Luoghi di origine, contesti ideologici, partenze, percorsi di fuga, flussi. - Come mai sono arrivati proprio qui?
L’occupazione tedesca del sud della Francia e l’imprevedibile anomalia italiana. - Quale fu la loro sorte? Quanti erano? Chi erano?
In Italia attraverso le Alpi: sollievo, paura, internati, deportati, salvati. - L’angolo delle storie
Otto racconti di Shoah… quante vite stanno in questa Storia? (di cui 7 di ebrei stranieri e 1 della famiglia Lattes di Saluzzo) - Come è potuto accadere?
Il terreno favorevole al male. Il crescere della gramigna. I segnali di pericolo. - La Shoah era inevitabile? È irripetibile?
Riflessioni sulla genesi della Shoah, sulla libertà e sulla responsabilità. - La storia siamo noi?
L’esempio dei Giusti. I Giusti e la Storia, i Giusti e le storie, i Giusti e noi.
Questi 7 momenti sono accompagnati da una linea del tempo, che va dal 1870 fino al 2020. L’anno di inizio della narrazione di MEMO4345 coincide con la data di nascita della più anziana deportata dal campo di concentramento di Borgo San Dalmazzo, Ida Manhasset Cossman. Inoltre, corrisponde con la fondazione dell’Impero tedesco dopo la sconfitta della Francia nella Guerra franco-prussiana e l’inizio della Belle Époque.

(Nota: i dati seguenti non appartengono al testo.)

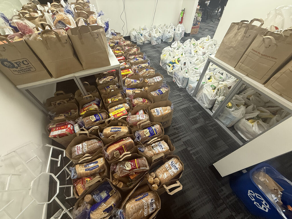 Grocery bags filled with food take up an office space at Inspire Realty (Photo provided by Jesse Le)
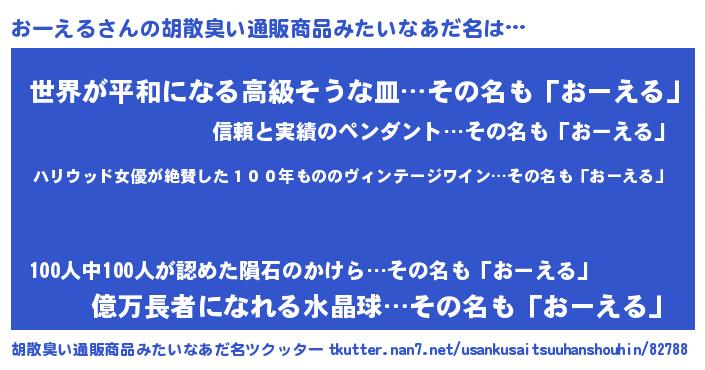 | 意味不明あだ名 | 『住所不定無職おーえる(8歳)』 |
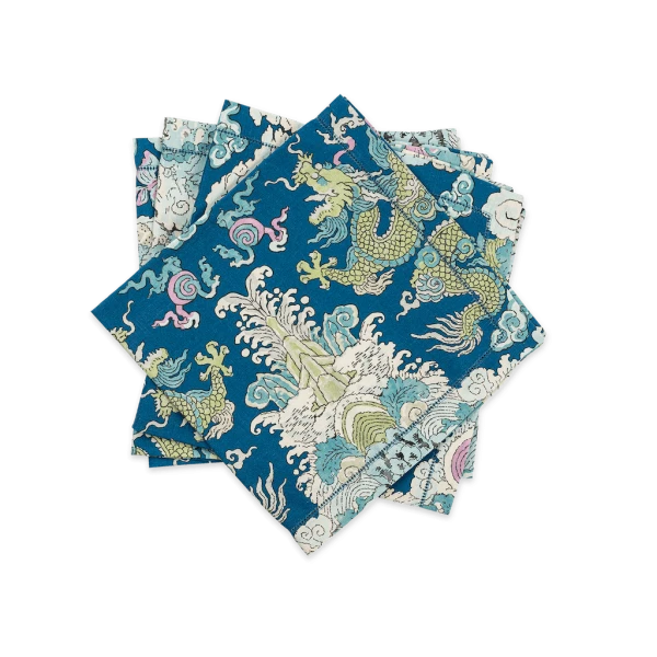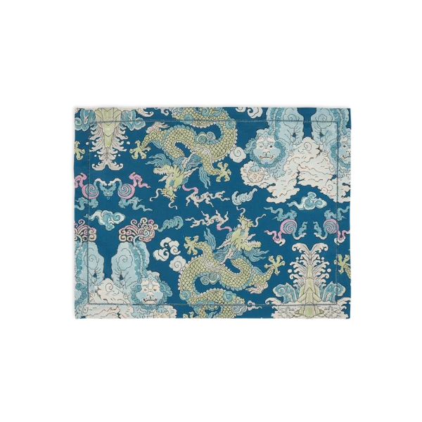 Matouk's Magic Mountain in Aquarius celebrates the fantastical motifs of ancient myth and legend, Schumacher's Magic Mountain features a psychedelic formation of foo dogs and fire-breathing dragons. Printed in Portugal on our signature table linen, this is a collection designed to make a statement—the perfect backdrop for both special occasions and everyday dining.  100% printed linen.  Made in the USA of fabric from Portugal.

Il tutto in un clima all’insegna del Nazionalismo e del Colonialismo con conseguenti ondate di xenofobia e antisemitismo.
Al centro di questi 7 momenti si trova una sorta di altare laico, rappresentato dall’opera di Enrico Tealdi: Ombre della memoria. Realizzata nel 2011 con la tecnica mista su carta, questa installazione raffigura due individui, personificazione del presente e del passato, uniti da un filo quasi impercettibile: la memoria.

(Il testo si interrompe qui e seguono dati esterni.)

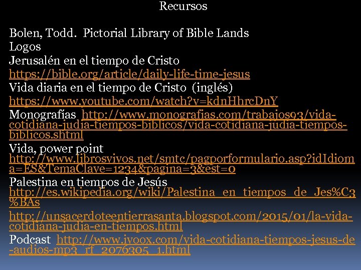 Recursos Bolen, Todd. Pictorial Library of Bible Lands Logos Jerusalén en el tiempo de Cristo https: //bible. org/article/daily-life-time-jesus Vida diaria en el tiempo de Cristo (inglés) https: //www. youtube. com/watch? v=kdn. Hhrc. Dn. Y Monografías http: //www. monografias. com/trabajos 93/vidacotidiana-judia-tiempos-biblicos/vida-cotidiana-judia-tiemposbiblicos. shtml Vida, power point http: //www. librosvivos. net/smtc/pagporformulario. asp? id. Idiom a=ES&Tema. Clave=1234&pagina=3&est=0 Palestina en tiempos de Jesús http: //es. wikipedia. org/wiki/Palestina_en_tiempos_de_Jes%C 3 %BAs http: //unsacerdoteentierrasanta. blogspot. com/2015/01/la-vidacotidiana-judia-en-tiempos. html Podcast http: //www. ivoox. com/vida-cotidiana-tiempos-jesus-de -audios-mp 3_rf_2076305_1. html
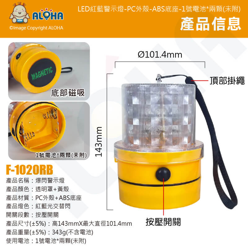 阿囉哈LED總匯_F-1020RB_LED紅藍警示燈-PC外殼-ABS底座-1號電池*兩顆(未附) 底部磁鐵 車頂工程爆閃燈 工程車 交通事故 勤務車 車用工程安全

Oltre il 27 gennaio: Giornata della Memoria
Qual è la memoria che vogliamo salvaguardare e trasmettere, a partire da una giornata dedicata fino all’allestimento di uno spazio ad hoc, come il Memoriale della Deportazione a Borgo San Dalmazzo?
La Giornata della Memoria del 27 gennaio è l’anniversario della Liberazione dei prigionieri del campo di sterminio di Auschwitz da parte dell’Armata Rossa il 27 gennaio 1945. Questa ricorrenza è diventata l’occasione per ricordare ogni anno in tutto il mondo le vittime dell’Olocausto.

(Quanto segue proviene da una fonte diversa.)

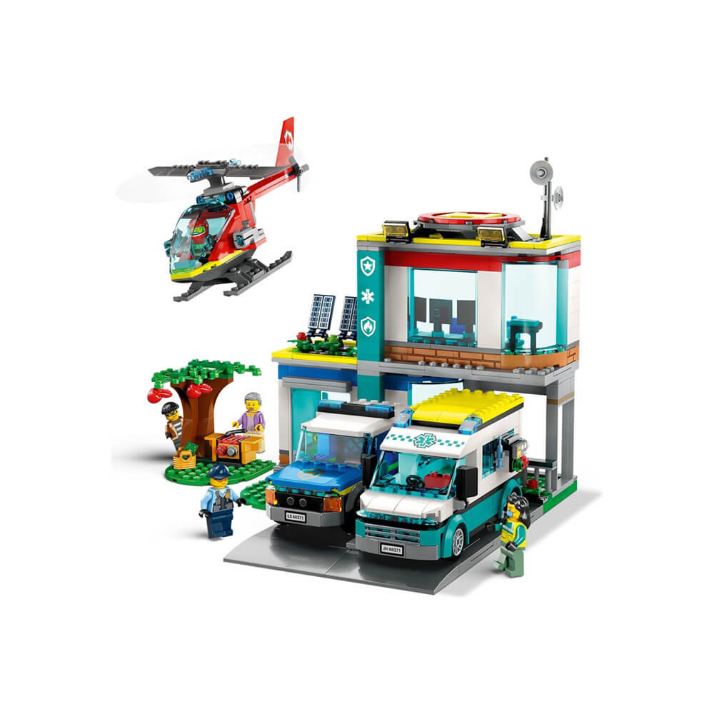 This all-in-one, 2-level LEGO® City Emergency Vehicles HQ building comes with a toy fire helicopter, police SUV and ambulance, plus 5 minifigures.

E il Memoriale della deportazione di Borgo San Dalmazzo non rappresenta solo un luogo a memoria della Shoah, cioè l’annientamento degli ebrei, ma anche una celebrazione di quelle persone comuni, le cui storie rischiano di finire nell’oblio. Il filosofo, saggista e critico letterario tedesco di famiglia ebraica Walter Benjamin riassunse tale verità nella citazione impressa sul muro dietro l’altare laico di MEMO4345:
Le vittime protagoniste di MEMO4345
Le persone ricordate da MEMO4345 sono ebrei provenienti da diverse parti d’Europa, in modo particolare dalla Polonia e dall’Impero Austro-Ungarico. Le loro storie di vita sono tutte da scoprire attraverso video e altri dispositivi interattivi, consultabili lungo il percorso di visita.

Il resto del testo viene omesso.